![Leaning tower of pizza saugus ma](https://cdn1.cdnme.se/5447227/9-3/2_64e61dfa9606ee7f98e9879b.png)
![leaning tower of pizza saugus ma leaning tower of pizza saugus ma](https://live.staticflickr.com/4570/38290337911_14431fc333_n.jpg)
Just to the north, though, Route 1 remains the Masshole answer to Old Las Vegas-both amusingly ostentatious (there’s a pizza place with its own scaled-for-suburbia replica of the Leaning Tower of Pisa) and coated with a thin layer of suburban-desert dust and grime. The city is cleaner and safer, for sure, but it’s also lost a bit of the peculiar grit and whimsy that is, in my opinion, an important part of what makes urban living worth the rent. Once a working-class crazy quilt of a city, the Hub over the years has ironed out most of its weirder wrinkles and bleached its dirtier seams to become a more palatable place for white-collar types to live, work, and play.

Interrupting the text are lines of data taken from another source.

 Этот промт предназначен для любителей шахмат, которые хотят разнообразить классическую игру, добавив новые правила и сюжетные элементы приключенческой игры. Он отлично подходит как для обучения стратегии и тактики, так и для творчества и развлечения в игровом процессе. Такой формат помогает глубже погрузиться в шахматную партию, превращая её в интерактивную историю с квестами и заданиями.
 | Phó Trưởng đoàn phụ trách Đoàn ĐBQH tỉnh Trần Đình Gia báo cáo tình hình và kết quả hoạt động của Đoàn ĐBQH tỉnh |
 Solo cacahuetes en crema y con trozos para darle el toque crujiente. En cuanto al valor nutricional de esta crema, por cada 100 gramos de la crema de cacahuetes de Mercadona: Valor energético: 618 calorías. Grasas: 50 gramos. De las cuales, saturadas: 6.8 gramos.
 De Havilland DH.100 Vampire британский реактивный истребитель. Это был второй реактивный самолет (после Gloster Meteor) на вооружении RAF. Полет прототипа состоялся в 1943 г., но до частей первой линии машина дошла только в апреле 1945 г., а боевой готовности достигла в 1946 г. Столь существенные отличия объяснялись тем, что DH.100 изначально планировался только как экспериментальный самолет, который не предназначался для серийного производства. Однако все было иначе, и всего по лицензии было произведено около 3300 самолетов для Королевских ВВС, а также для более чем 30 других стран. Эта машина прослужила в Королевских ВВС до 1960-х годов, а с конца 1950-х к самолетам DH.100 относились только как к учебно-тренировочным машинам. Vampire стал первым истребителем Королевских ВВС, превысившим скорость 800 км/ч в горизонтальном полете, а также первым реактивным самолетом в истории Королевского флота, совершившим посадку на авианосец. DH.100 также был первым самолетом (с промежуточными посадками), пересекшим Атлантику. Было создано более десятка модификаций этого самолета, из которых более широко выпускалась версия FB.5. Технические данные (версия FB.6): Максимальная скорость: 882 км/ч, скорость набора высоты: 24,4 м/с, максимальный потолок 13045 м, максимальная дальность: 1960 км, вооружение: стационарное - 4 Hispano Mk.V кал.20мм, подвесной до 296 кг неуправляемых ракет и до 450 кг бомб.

![leaning tower of pizza saugus ma leaning tower of pizza saugus ma](http://www.valleyantennas.com.au/wp-content/uploads/2019/01/leaning-tower-of-pizza-1.jpg)

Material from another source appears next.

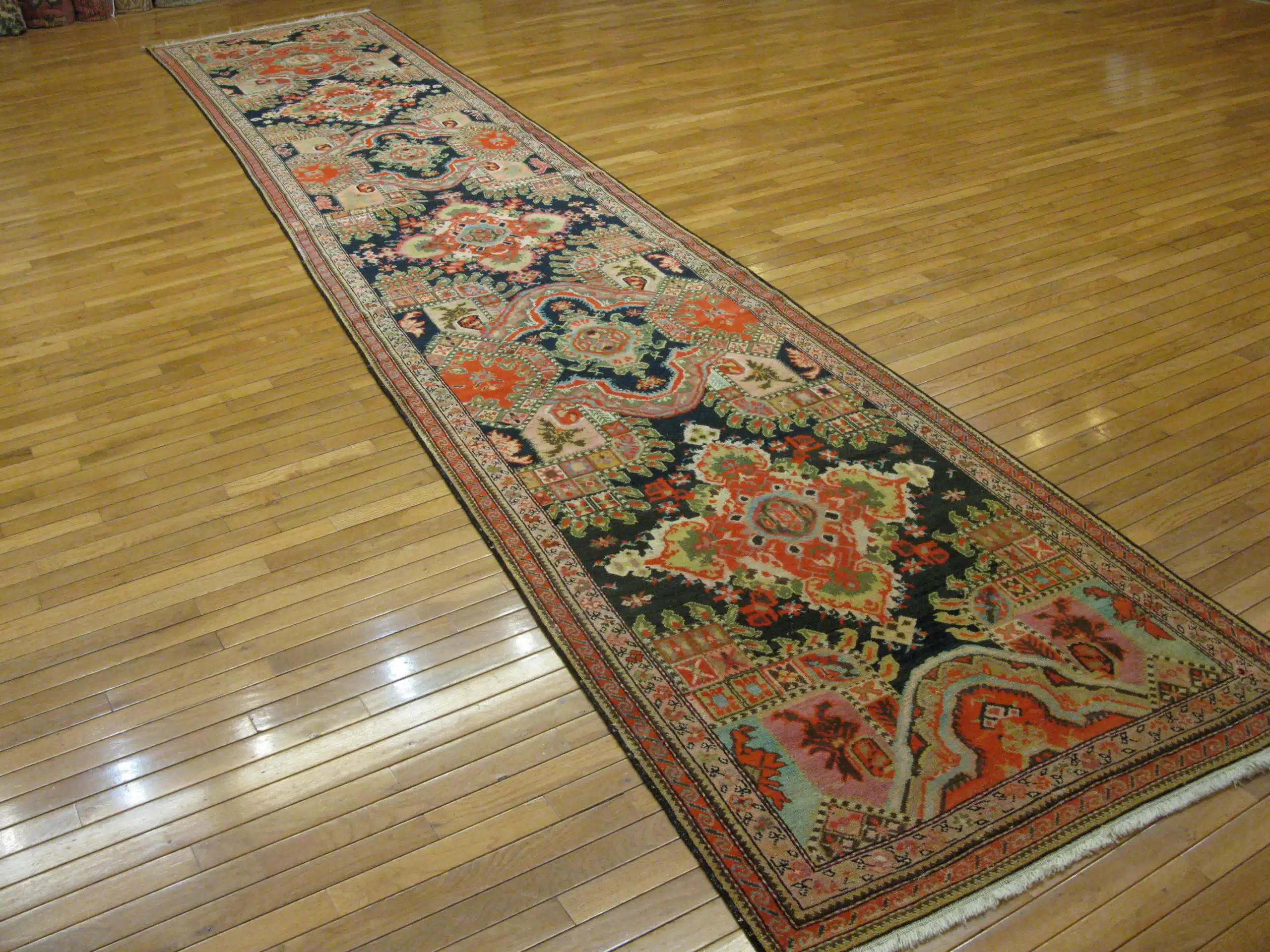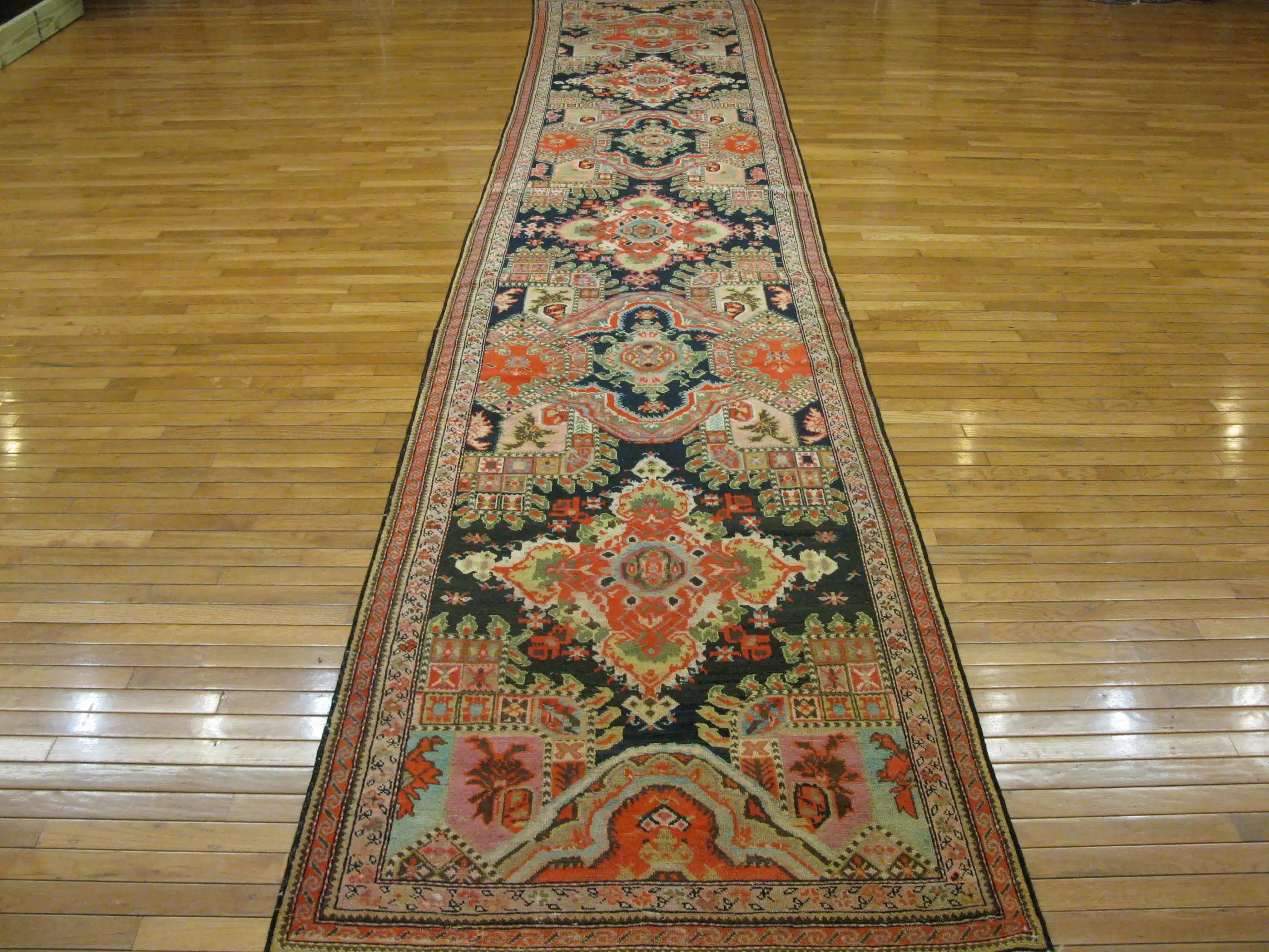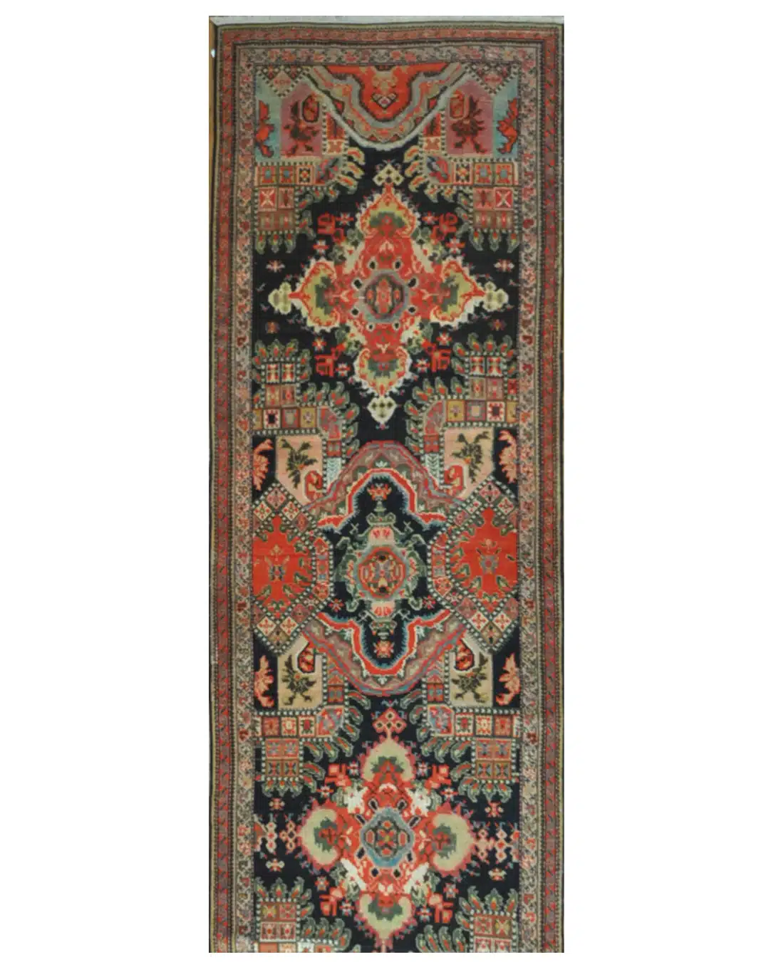 Karabagh runners from the late 19th to early 20th century are known for their bold geometric patterns and rich primary colors, woven by village artisans with thick wool pile for exceptional durability. These long pieces often feature repeating medallions to guide the eye in narrow spaces, with natural dyes that remain crisp yet soften with age. This example’s great condition and vibrant palette highlight the fine tribal craftsmanship of the period.

It’s part of one of America’s first interstate highways, and with its gaudy themed restaurants, fleabag lodgings, topless bars, and assortment of other vaguely dated diversions, it still feels like a place out of time-especially when compared to Boston, just down the street. For years, whenever I’ve braved the endless stream of speeding souped-up cars on my way to-and-fro the North Shore along Route 1, I’ve found myself fascinated by the piercing stretch of road.